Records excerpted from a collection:

——

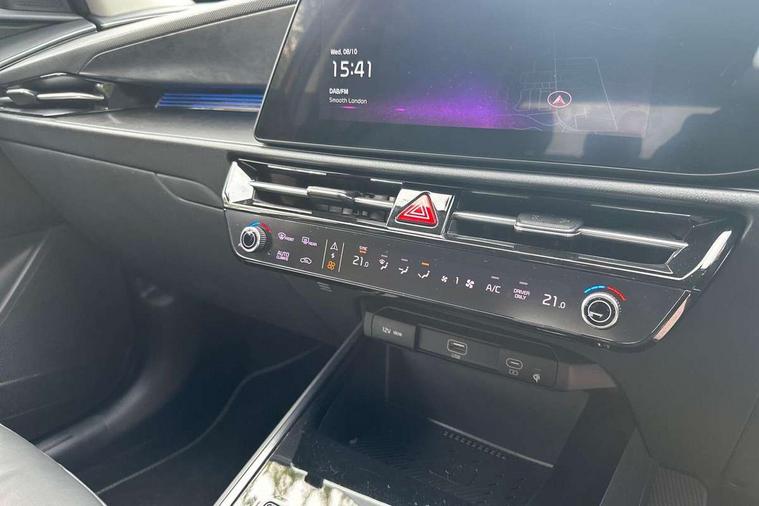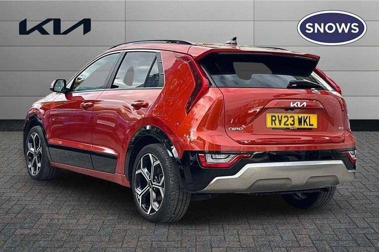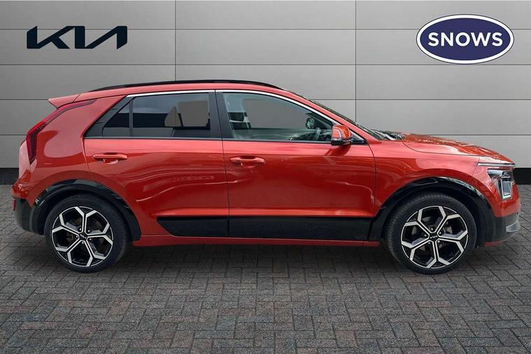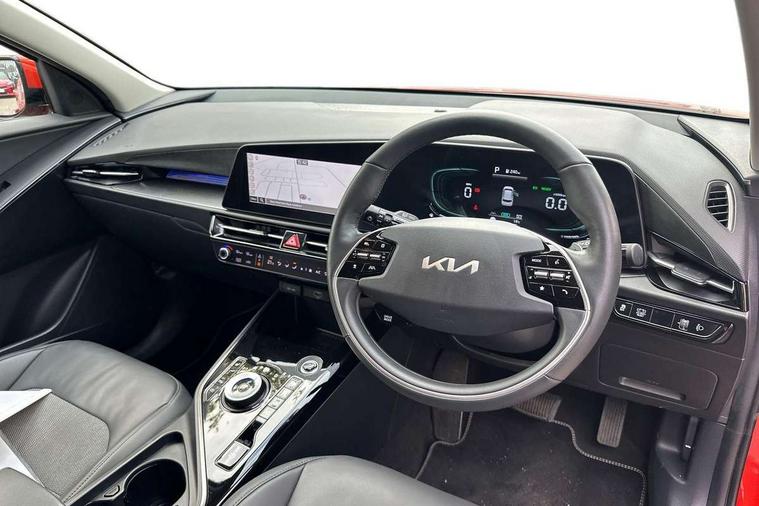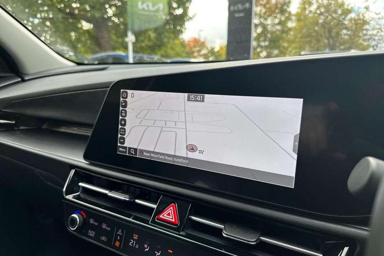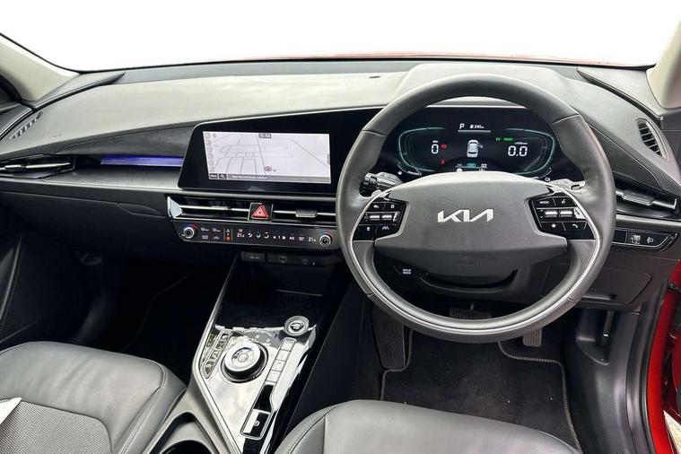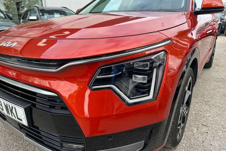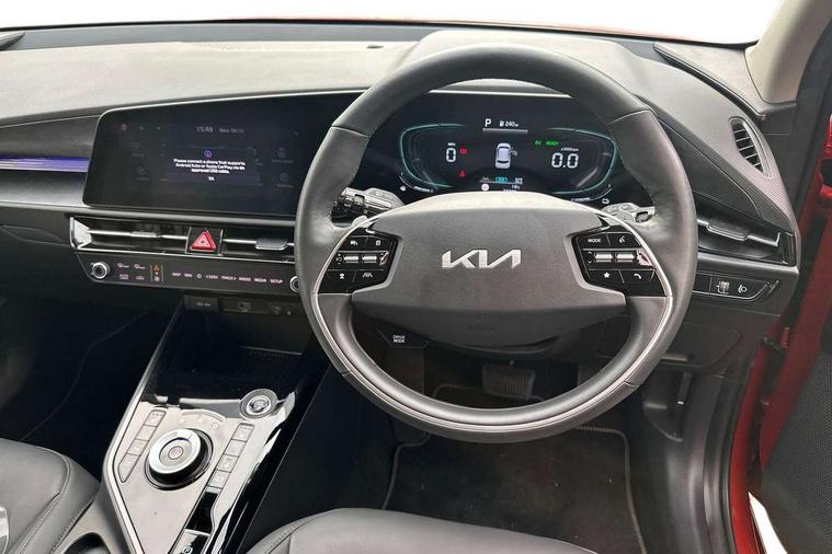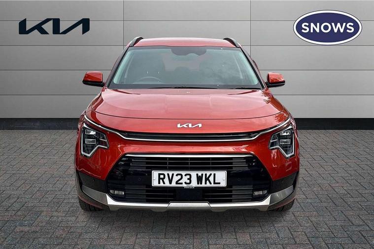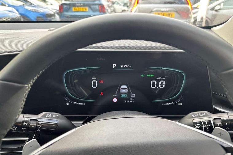 10.25" touchscreen satellite navigation, 4.2" supervision colour cluster display, Adaptive smart cruise control function (SCC) with stop and go, Apple car play/Android Auto with voice control, Blind spot collision avoidance assist, Drive mode select (Eco, sport), E-call, Emergency stop signalling system, Forward Collision-Avoidance Assist (FCA) 1.5 - City/Pedestrian/Cyclist/Junction turning, Front parking sensors, Highway Driving Assist (HDA), Kia Connect (UVO), Lane Following Assist (LFA), Lane keep assist, Motor driven power steering, Rear cross traffic alert, Rear parking sensors, Reversing camera with dynamic guide lines, Safe exit warning (SEW), Speed limit assist, Tailgate, Trip computer with distance/fuel consumption/average speed, Wireless Smartphone charger, 220v AC Inverter, 'Shark fin' mobile antenna, 2 type C USB ports on front seats, 2 USB ports in centre console including 1 type C, 6 speakers, Bluetooth with music streaming, DAB Digital radio, Steering wheel mounted controls, Acoustic windshield, All round electric windows with drivers and front passenger auto up/down and safety function, Auto dimming rear view mirror, Automatic defog system, Automatic headlight control system, Black grille with chrome surround, Body colour bumpers, Body colour exterior door handles, Dual LED headlights (low and high projection), Electric heated door mirrors, Electrically folding door mirrors, Front and rear chrome skid plates, Front fog lights, Heated rear window with timer, High gloss black cladding, High gloss black door mirrors, LED daytime running lights, LED rear combination lights, LED third brake light, Privacy glass - Rear windows and tailgate, Rain sensing front wipers, Rear fog lights, Rear side wing doors, Rear spoiler, Rear wiper, Roof rails, Solar glass windscreen, Welcome and follow-me home light functionality, Windscreen Washer Level Warning, 12v socket in front, 12V socket in luggage compartment, 3 seat bench in 2nd row, 60/40 split/folding 2nd row of seats, All-round height adjustable headrests, Artificial leather centre console storage box, Artificial leather steering wheel, Bulb overhead console, 2nd row and luggage lamp, Centre console cupholder, Chrome coating interior door handles, Cloth / Artificial leather upholstery, Driver's power adjustable seat, Driver/passenger sunvisors with illuminated vanity mirrors, Drivers seat power lumbar support, Dual zone automatic air conditioning, Front and rear door storage, Heated front seats, Heated steering wheel, Illuminated glovebox, Interior door lock/unlock function, ISOFIX Child seat top tethers and anchor fixings, Luggage area load cover, Luggage board, Paddle shifts, Passenger seat height adjuster, Rear armrest, Seatback pocket - driver, Seatback pocket - front passenger, Shift by wire SBW, Single front passenger seat, Tilt/telescopic adjustable steering wheel, Ventiliation ducts to rear compartment, Towing pack - Niro, 3 point seatbelts on all seats, ABS, Automatic unlocking of doors in case of impact, Centre side front airbags, Curtain and side airbags, Drivers knee airbag, Dual shell horn, Electric parking brake with auto hold function, Electronic stability control, Front passenger airbag deactivation, Height adjustable front seatbelts, Hill start assist control (HAC), Manual rear child locks, Rear seat alert system, Traction control, Tyre pressure monitoring system, Alarm system and engine immobiliser, Deadlocks, Engine Start/Stop Button with Smart Entry System, Locking wheel nuts, Visible vehicle identification number, Warranty - 7 Years/ 100, 000 miles, Centre fascia chopped carbon, 18" Alloy wheels, Tyre mobility kit,
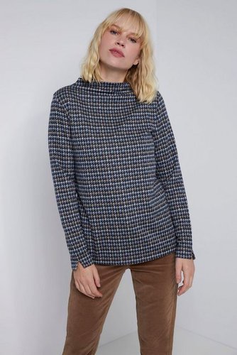 Sweatshirt, Straight Fit, aus weichem Sweat mit farbigem Hahnentritt-Jacquard. Gerade, bequeme Passform mit angeschnittenem Stehkragen und Langarm.
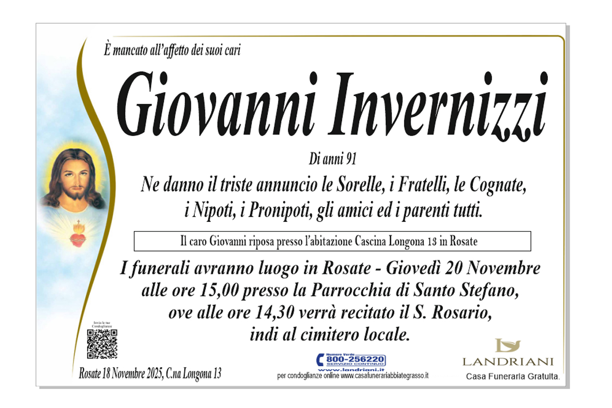 I funerali avranno luogo in Rosate – Giovedì 20 Novembre alle ore 15,00 presso la Parrocchia di Santo Stefano, ove alle ore 14,30 verrà recitato il S. Rosario, indi al cimitero locale.
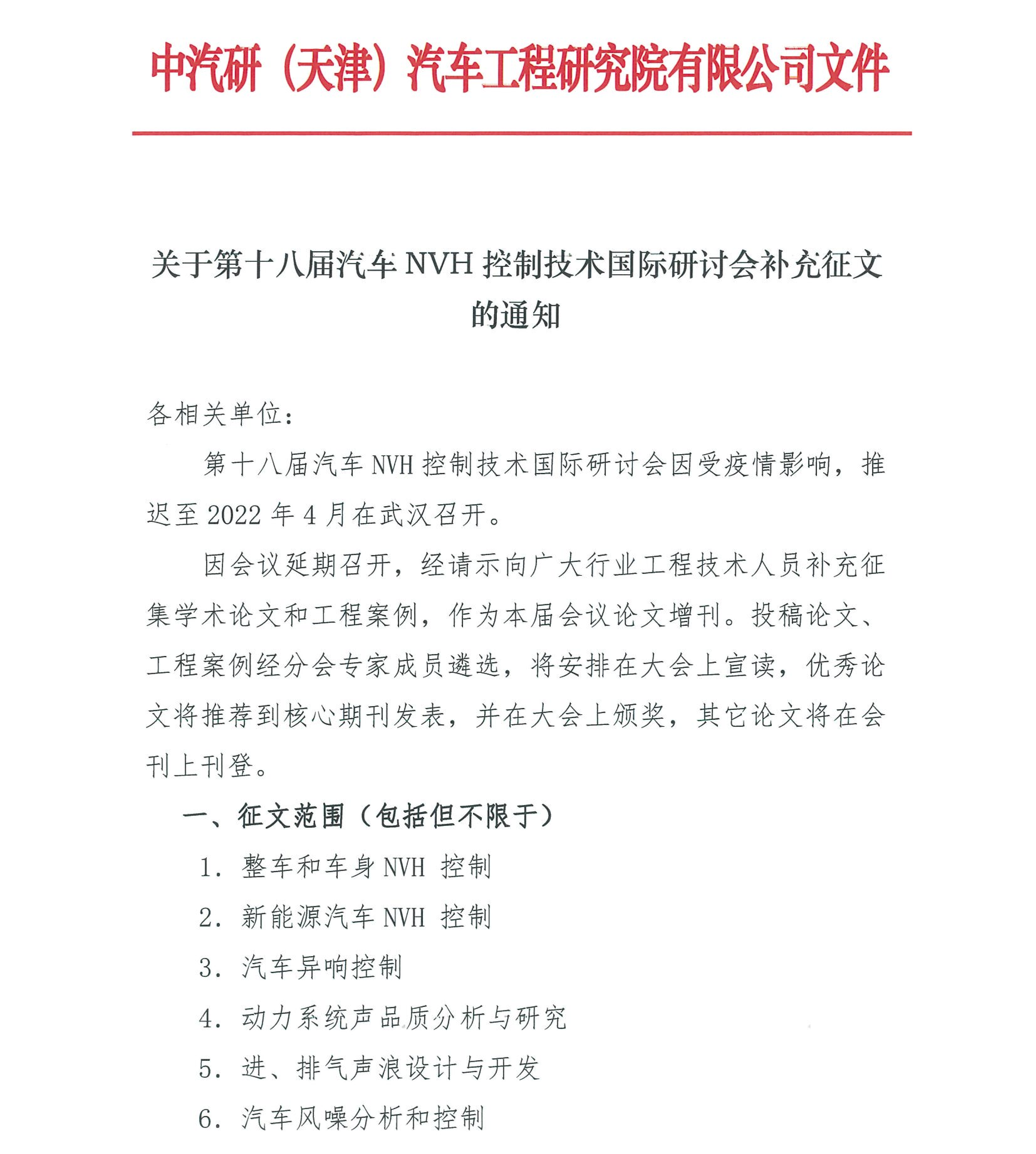 關(guān)于第十八屆汽車(chē)NVH控制技術(shù)國際研討會(huì )補充征文的通知
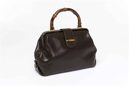Gucci: borsa Bamboo in pelle marrone, largh. cm 30
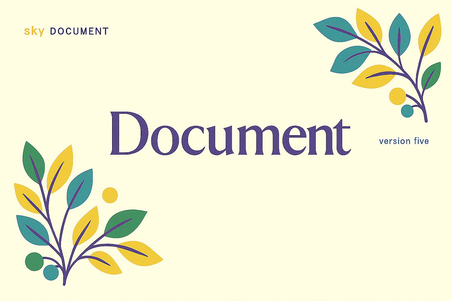 An artistic design featuring vibrant three-color patterns with stylized leaves in green, yellow, and purple against a light background.
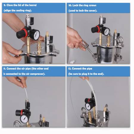 4. After changing the glue, cover the bucket and tighten the ring screws
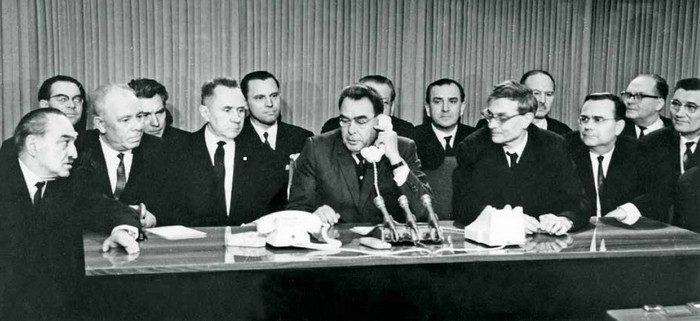 Брежнев разговаривает по телефону с членами экипажа космического корабля «Восход 2» П. И. Беляевым и А. А. Леоновым. Москва 18 марта 1965 г.
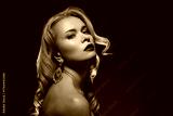 Elegant woman with wavy blonde hair, fashion red lipstick posing in flash lights against dark background. Diamonds jewelry, classic beauty, confidence and evening glamour. Hairstyle and makeup

——

:: Exercise description ::
Line for line, restate the data above and omit every picture.

:: Task solution ::
 10.25" touchscreen satellite navigation, 4.2" supervision colour cluster display, Adaptive smart cruise control function (SCC) with stop and go, Apple car play/Android Auto with voice control, Blind spot collision avoidance assist, Drive mode select (Eco, sport), E-call, Emergency stop signalling system, Forward Collision-Avoidance Assist (FCA) 1.5 - City/Pedestrian/Cyclist/Junction turning, Front parking sensors, Highway Driving Assist (HDA), Kia Connect (UVO), Lane Following Assist (LFA), Lane keep assist, Motor driven power steering, Rear cross traffic alert, Rear parking sensors, Reversing camera with dynamic guide lines, Safe exit warning (SEW), Speed limit assist, Tailgate, Trip computer with distance/fuel consumption/average speed, Wireless Smartphone charger, 220v AC Inverter, 'Shark fin' mobile antenna, 2 type C USB ports on front seats, 2 USB ports in centre console including 1 type C, 6 speakers, Bluetooth with music streaming, DAB Digital radio, Steering wheel mounted controls, Acoustic windshield, All round electric windows with drivers and front passenger auto up/down and safety function, Auto dimming rear view mirror, Automatic defog system, Automatic headlight control system, Black grille with chrome surround, Body colour bumpers, Body colour exterior door handles, Dual LED headlights (low and high projection), Electric heated door mirrors, Electrically folding door mirrors, Front and rear chrome skid plates, Front fog lights, Heated rear window with timer, High gloss black cladding, High gloss black door mirrors, LED daytime running lights, LED rear combination lights, LED third brake light, Privacy glass - Rear windows and tailgate, Rain sensing front wipers, Rear fog lights, Rear side wing doors, Rear spoiler, Rear wiper, Roof rails, Solar glass windscreen, Welcome and follow-me home light functionality, Windscreen Washer Level Warning, 12v socket in front, 12V socket in luggage compartment, 3 seat bench in 2nd row, 60/40 split/folding 2nd row of seats, All-round height adjustable headrests, Artificial leather centre console storage box, Artificial leather steering wheel, Bulb overhead console, 2nd row and luggage lamp, Centre console cupholder, Chrome coating interior door handles, Cloth / Artificial leather upholstery, Driver's power adjustable seat, Driver/passenger sunvisors with illuminated vanity mirrors, Drivers seat power lumbar support, Dual zone automatic air conditioning, Front and rear door storage, Heated front seats, Heated steering wheel, Illuminated glovebox, Interior door lock/unlock function, ISOFIX Child seat top tethers and anchor fixings, Luggage area load cover, Luggage board, Paddle shifts, Passenger seat height adjuster, Rear armrest, Seatback pocket - driver, Seatback pocket - front passenger, Shift by wire SBW, Single front passenger seat, Tilt/telescopic adjustable steering wheel, Ventiliation ducts to rear compartment, Towing pack - Niro, 3 point seatbelts on all seats, ABS, Automatic unlocking of doors in case of impact, Centre side front airbags, Curtain and side airbags, Drivers knee airbag, Dual shell horn, Electric parking brake with auto hold function, Electronic stability control, Front passenger airbag deactivation, Height adjustable front seatbelts, Hill start assist control (HAC), Manual rear child locks, Rear seat alert system, Traction control, Tyre pressure monitoring system, Alarm system and engine immobiliser, Deadlocks, Engine Start/Stop Button with Smart Entry System, Locking wheel nuts, Visible vehicle identification number, Warranty - 7 Years/ 100, 000 miles, Centre fascia chopped carbon, 18" Alloy wheels, Tyre mobility kit,
 Sweatshirt, Straight Fit, aus weichem Sweat mit farbigem Hahnentritt-Jacquard. Gerade, bequeme Passform mit angeschnittenem Stehkragen und Langarm.
 I funerali avranno luogo in Rosate – Giovedì 20 Novembre alle ore 15,00 presso la Parrocchia di Santo Stefano, ove alle ore 14,30 verrà recitato il S. Rosario, indi al cimitero locale.
 關(guān)于第十八屆汽車(chē)NVH控制技術(shù)國際研討會(huì )補充征文的通知
Gucci: borsa Bamboo in pelle marrone, largh. cm 30
 An artistic design featuring vibrant three-color patterns with stylized leaves in green, yellow, and purple against a light background.
 4. After changing the glue, cover the bucket and tighten the ring screws
 Брежнев разговаривает по телефону с членами экипажа космического корабля «Восход 2» П. И. Беляевым и А. А. Леоновым. Москва 18 марта 1965 г.
 Elegant woman with wavy blonde hair, fashion red lipstick posing in flash lights against dark background. Diamonds jewelry, classic beauty, confidence and evening glamour. Hairstyle and makeup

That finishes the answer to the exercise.